Breast Cancer: Taselisib Shows Preclinical Advantage Over Other PI3K Inhibitors
Findings from a preclinical study of PI3K inhibitor taselisib’s mechanism of action in mutant cell line and breast cancer xenograft models surprised researchers.
Findings from a preclinical study of PI3K inhibitor taselisib's mechanism of action in mutant cell line and breast cancer xenograft models surprised researchers, according to a talk presented at the 2016 San Antonio Breast Cancer Symposium.1
“Taselisib leads to depletion of mutant p100a protein that is dose-dependent and time-dependent,” said lead study author Lori Friedman, PhD, of Genentech, in South San Francisco, California.
PIK3CA mutations affect the biology of tumor cell cycle, survival, growth, and proliferation. These mutations are frequently found in human cancers, including ER+, HER2+ and triple-negative breast cancers, Dr Friedman noted.
PI3K-inhibiting agents are in development but have a narrow therapeutic index; it can be a challenge to balance safety and antitumor activity.

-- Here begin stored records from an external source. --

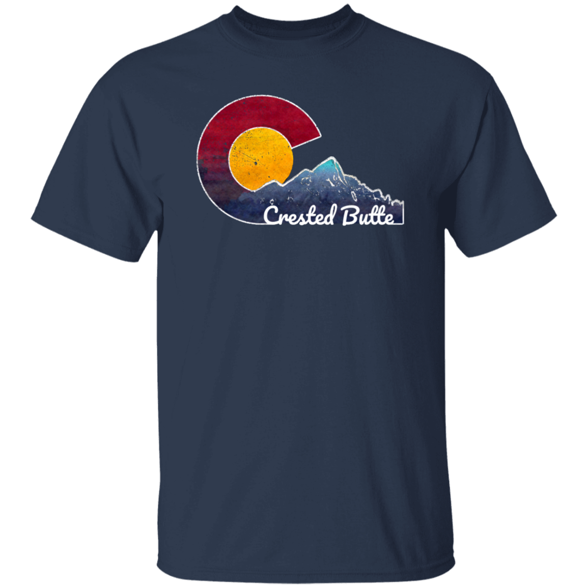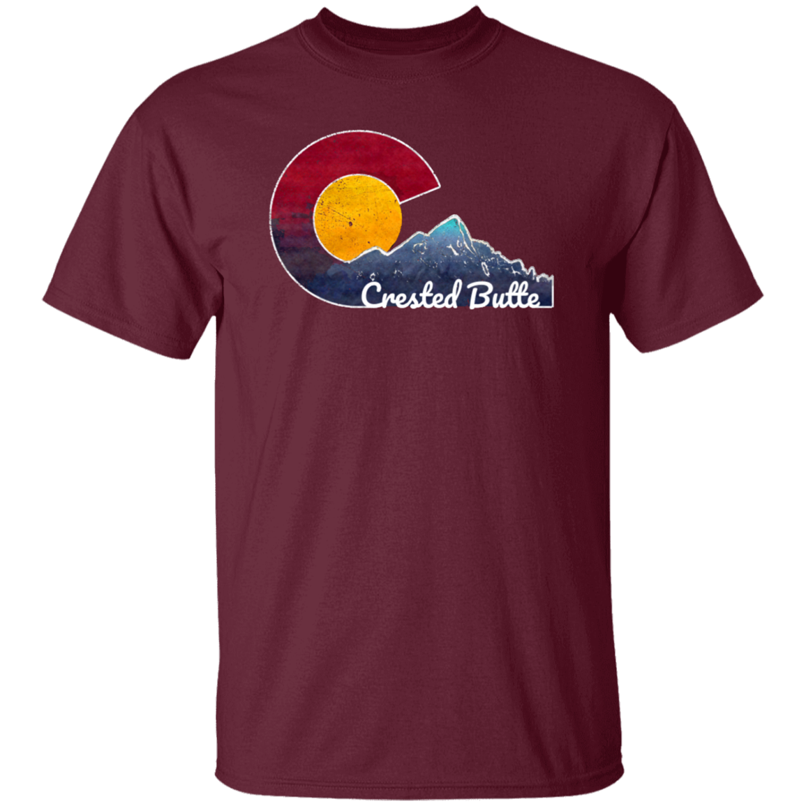 Crested Butte, Colorado With Flag Inspired Scene, Love Colorado Gift Unisex T-Shirt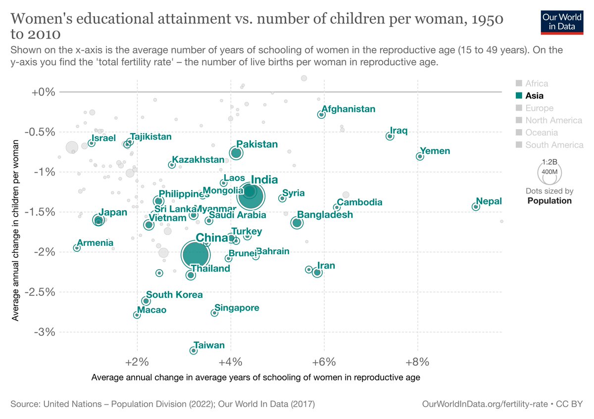 As they study more, their fertility also goes down accordingly (not faster or more slowly than comparable countries)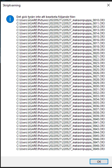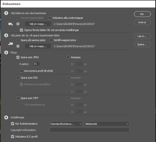 I am trying to run the image batch function via Script>Image processor to convert a dedent amount of RAW files into jpeg. Open first file is checked and then I et up the settings in the RAW editor and press OK.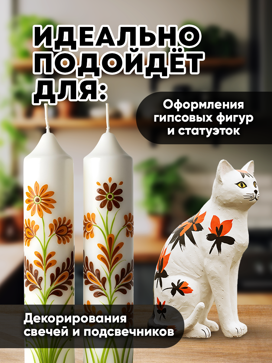 - Простота нанесения краски на гипс и свечи: легко распределяется по поверхности свечи или гипсовой формы, обеспечивая равномерное покрытие.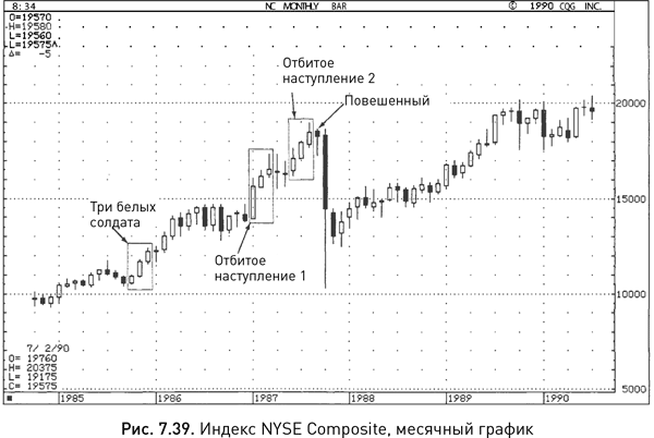 На рисунке 7.39 три белых солдата, возникшие в зоне низких цен в 1985 г., предупредили участников торгов о грядущем ралли, а позже на графике образовалось две модели «отбитое наступление». В первую из них в начале 1987 г. вошли три свечи с последовательно уменьшающимися белыми телами, что не сулило быкам ничего хорошего. Последняя из этих свечей, кроме того, представляла собой падающую звезду. Затем два месяца рынок топтался на месте, а в середине 1987 г. предпринял новую попытку роста, однако образовавшаяся при этом вторая модель «отбитое наступление» послужила очередным предостерегающим сигналом. Главное различие между первым и вторым отбитыми наступлениями заключается в длине верхней тени у последней входящей в них свечи. Хотя во втором случае она не очень длинная, стало очевидным, что рынок не в состоянии закрыться вблизи максимумов. Другими словами, ведущий (то есть наступающий) солдат оказался отбит. В следующем месяце сформировалась свеча «повешенный», после чего «солдаты» отступили окончательно.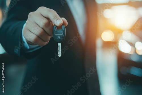 Businessman giving a car key. Getting new car concept.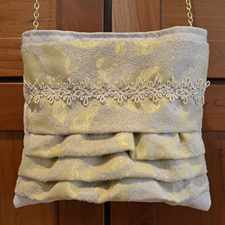 This purse is soft and feminine. The bag measures 8"W x 7 3/4"H. The body of the purse is a diamond patterned cream-colored cotton fabric and the lining is the same fabric. The front ruffle is a very pale yellow leaf pattern on a soft nubby textured fabric. There is a cream trim that spans the front width of the bag, just below the top. The bag has a 17 1/2" drop on a removable golden chain.For additional information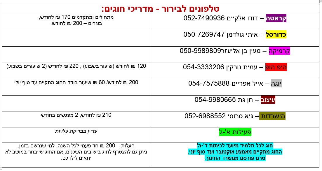 שימו לב לחוגים חדשים שרוצים לפתוח ביישוב- עיצוב, הישרדות והיפהופ.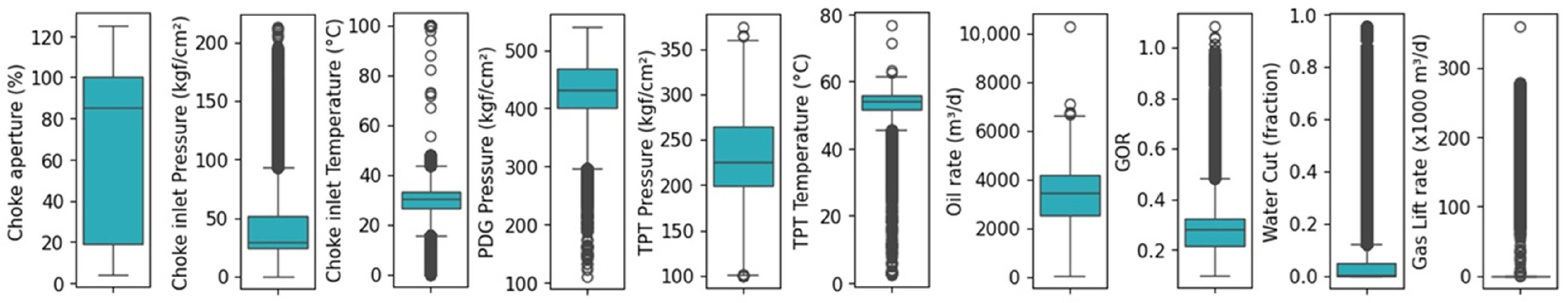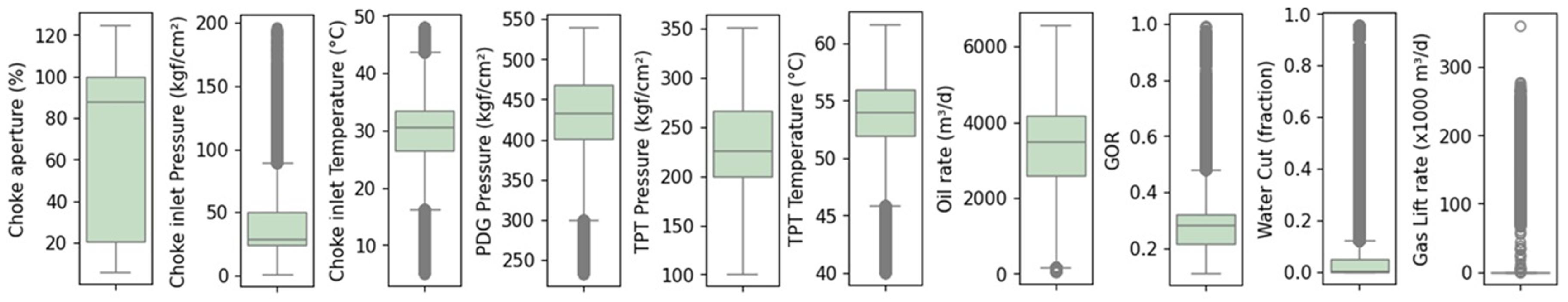 An important requirement is obtaining a comprehensive method applicable to fields with varying production conditions. This includes newly drilled wells with high production rates, original gas–oil ratio (GOR), and near-zero water cut, as well as mature wells that have been producing for over a decade. These older wells may be located in more depleted areas of the field, resulting in lower flowing pressures and production rates, and may be influenced by injection processes, leading to significantly higher GOR and water cut. Such diverse conditions can lead to varying relationships between the input variables and the target variable in our estimation problem. Addressing this variability is crucial to ensuring the robustness and applicability of the proposed methodology across a wide range of field scenarios.
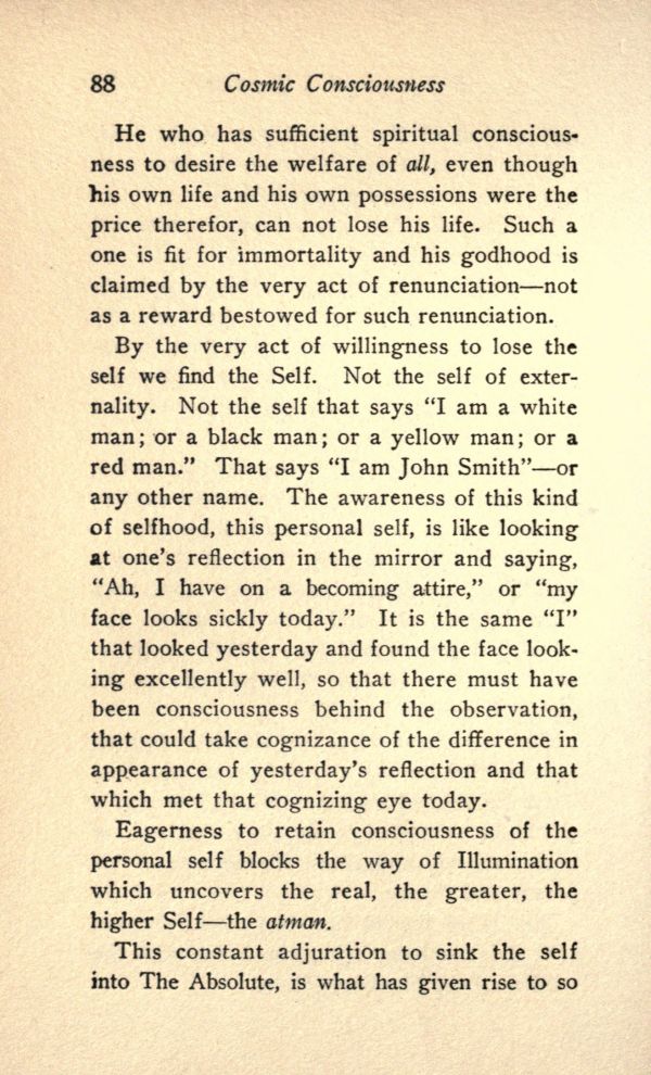 By the very act of willingness to lose the self we find the Self. Not the self of externality. Not the self that says "I am a white man; or a black man; or a yellow man; or a red man." That says "I am John Smith"--or any other name. The awareness of this kind of selfhood, this personal self, is like looking at one's reflection in the mirror and saying, "Ah, I have on a becoming attire," or "my face looks sickly to-day." It is the same "I" that looked yesterday and found the face looking excellently well, so that there must have been consciousness behind the observation, that could take cognizance of the difference in appearance of yesterday's reflection and that which met that cognizing eye to-day.

They also appear to reduce negative feedback responses upstream in the target tumor pathway, causing PI3K inhibitors' use to reduce their antitumor activity.
“Feedback and pathway reactivation attenuates the activity of PI3K inhibitors,” she explained. “Most PI3K inhibitors are effective at 1 hour and lose potency at 24 hours.”

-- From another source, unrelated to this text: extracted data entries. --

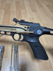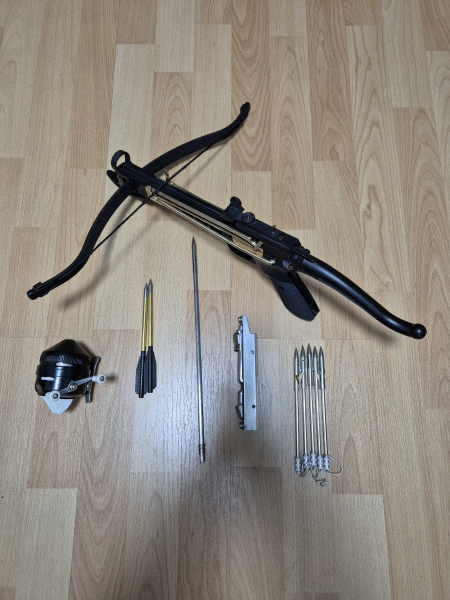Verkaufe eine Pistolenarmbrust. Befindet sich in einem top Zustand. Dabei sind zwei Bolzen. Ein Harpunenpfeil mit laufendem Ring, wie es sich an der Harpune gehört (es sind noch 5 Pfeile dabei, aus den man noch Harpunenpfeile machen kann. Die Widerhacken sind klappbar. Die Rollenmontage habe ich selbst gefräst und aufgearbeitet aus Duraluminium. Dazu gibt es noch eine Zebco 202 Rolle. Das Set ist nur für Ausland geeignet.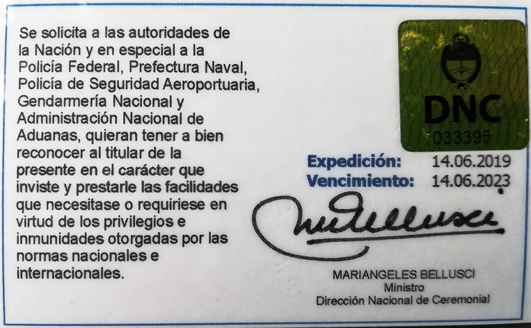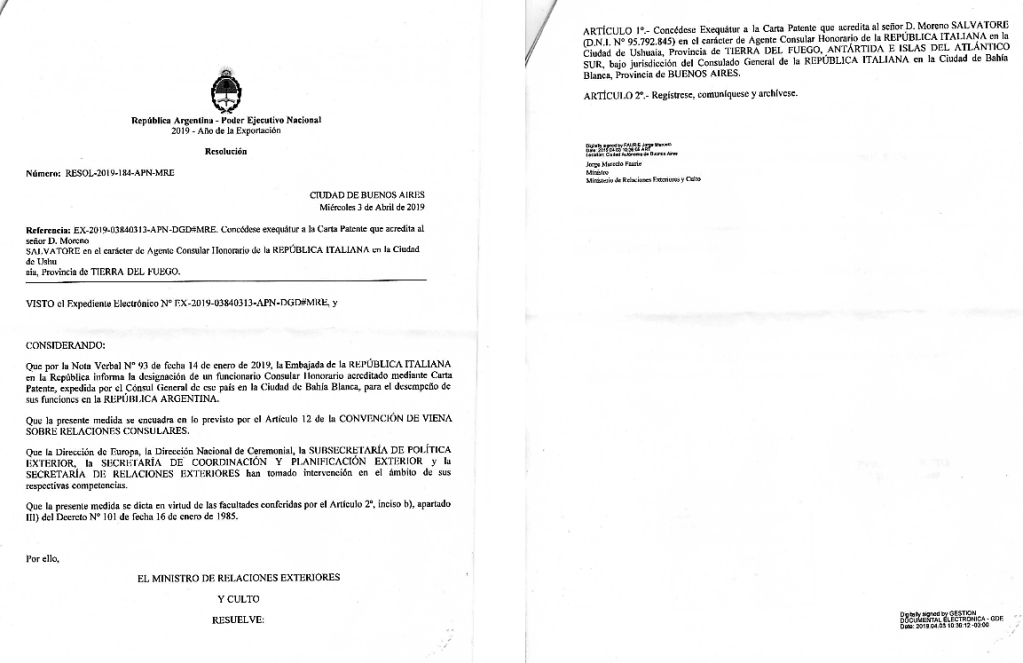 Decreto del Ministero degli Affari Esteri e della Cooperazione Internazionale (18/12/2018) per le funzioni del titolare dell’Agenzia consolare onoraria in Ushuaia ed Exequatur del Ministerio de Relaciones Exteriores y Culto della Repubblica Argentina, link: MORENO-SITO.pdf (esteri.it)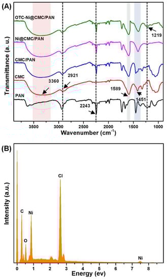 Generally, Ni2+ has a visual response to OTC in aqueous solution [31]. Additionally, since PAN NFMs cannot absorb Ni2+, a surface modification would be desired for Ni2+ immobilization. The incapable Ni2+ absorbing ability of PAN NFMs has been proven in Figure S4; the white color of PAN NFM was maintained after exposure in Ni2+ solution for 6 h. Subsequently, with the aim of endowing the PAN NFM with Ni2+ adsorption capacity, the NFMs were further functionalized with CMC. Evidence for the functionalization of the PAN NFM with CMC came from the FT-IR spectral analysis. As displayed in Figure 5A, characteristic peaks around 3360 cm−1, 2921 cm−1, and 1589 cm−1 in the spectrum of the CMC were assigned to the stretching vibration of -OH, CH, and COOH respectively. The peak around 2243 cm−1 in the spectrum of the PAN, belonged to the C≡N. It is worthwhile noting that all the peaks of the CMC/PAN NFM belonged to PAN and CMC, which indicates the successful coating of CMC on the PAN NFM. The success of the functionalization process is due to the strong hydrogen bond between aliphatic hydroxyl (C-OH) in CMC and the cyano group (C≡N) in PAN NFM [47,48,49]. These results suggest that the PAN NFM has been successfully modified with CMC and the hydroxyls are preserved. Because of the strong hydrogen bond, the CMC is formed within the PAN NFM, thus improving its stability and preventing it from leaking out of the PAN NFM.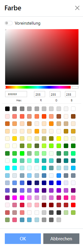 Auswahl vordefinierter Farben |

But taselisib exhibits stronger activity against tumor cells harboring PIK3CA mutations than other PI3K-targeting agents, Dr Friedman said.

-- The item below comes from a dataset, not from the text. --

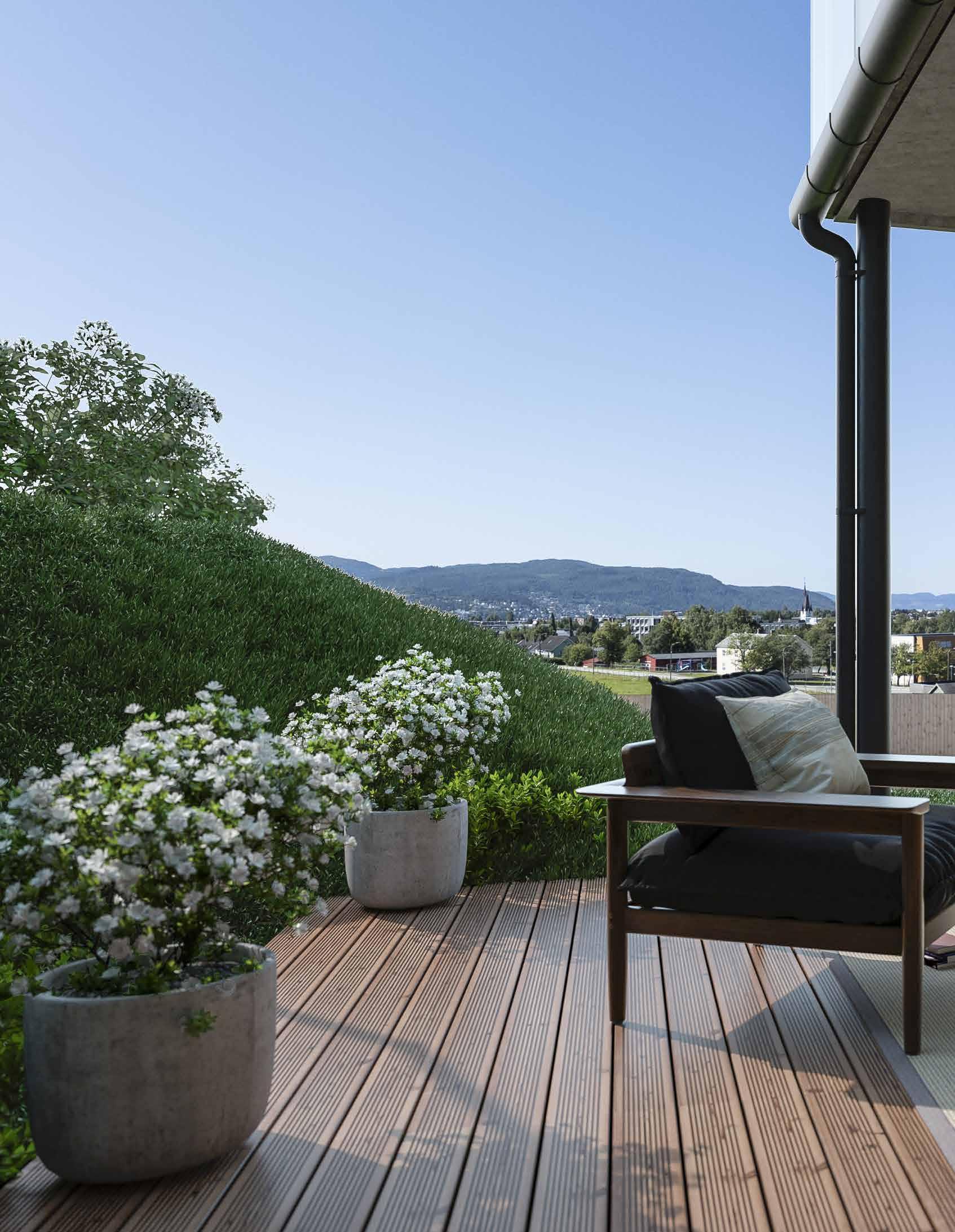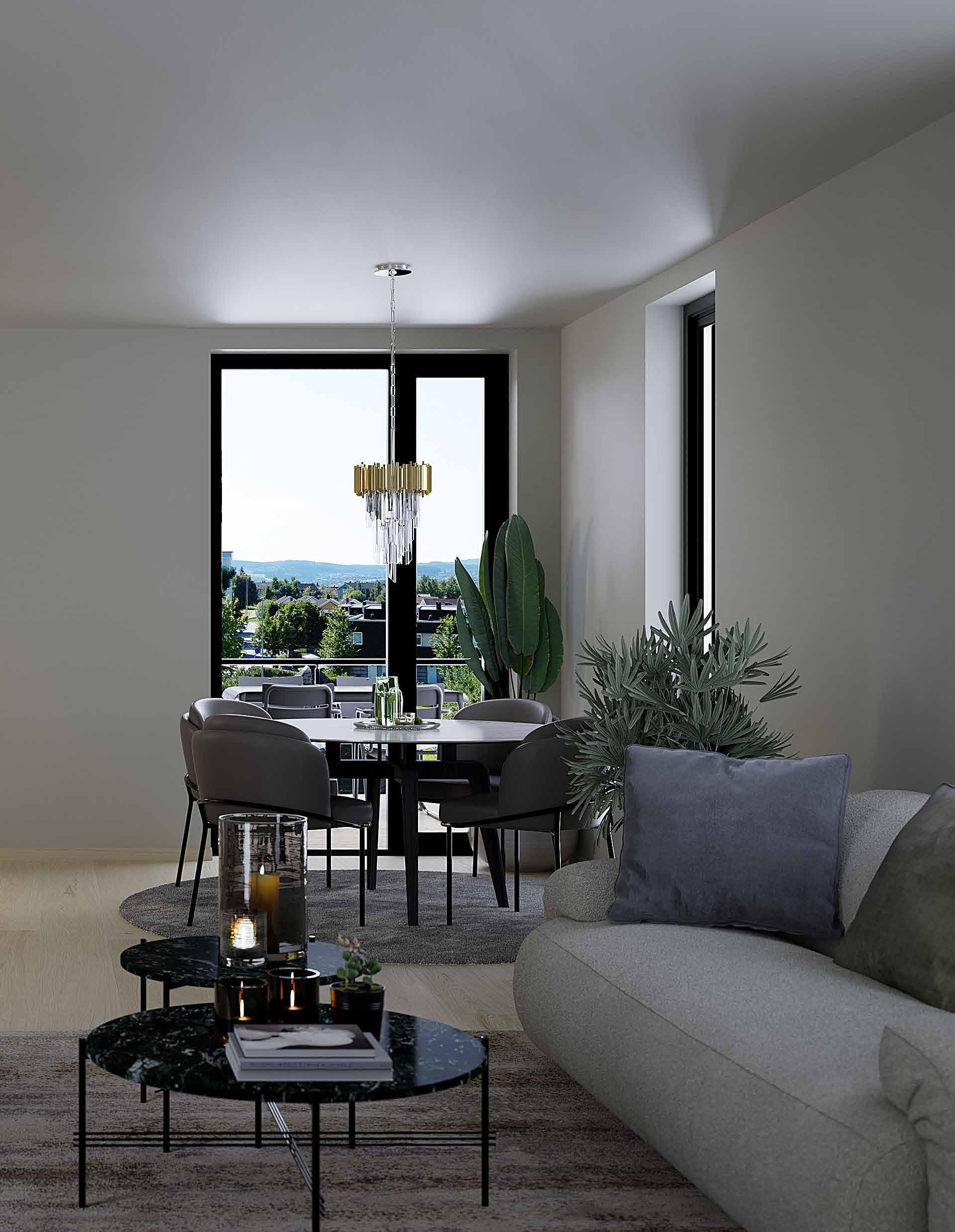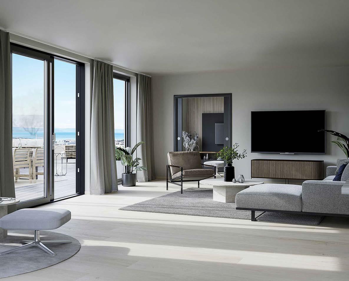 Også fra nederste etasje får du fantastisk utsikt! Dette er en visualisering fra leilighet H0001

“Taselisib has strong pathway suppression maintained at 24 hours in mutant cells,” Dr Friedman said. “Mutant cells are more sensitive to taselisib than wildtype cells. Taselisib is better at suppressing signaling at 24 hours.”
The research team believes that this suggests taselisib has a unique mechanism of action that mitigates the feedback issue. They hypothesize that taselisib degrades mutant PI3Kα, a “unique” mechanism of action among clinical compounds that might widen its therapeutic index.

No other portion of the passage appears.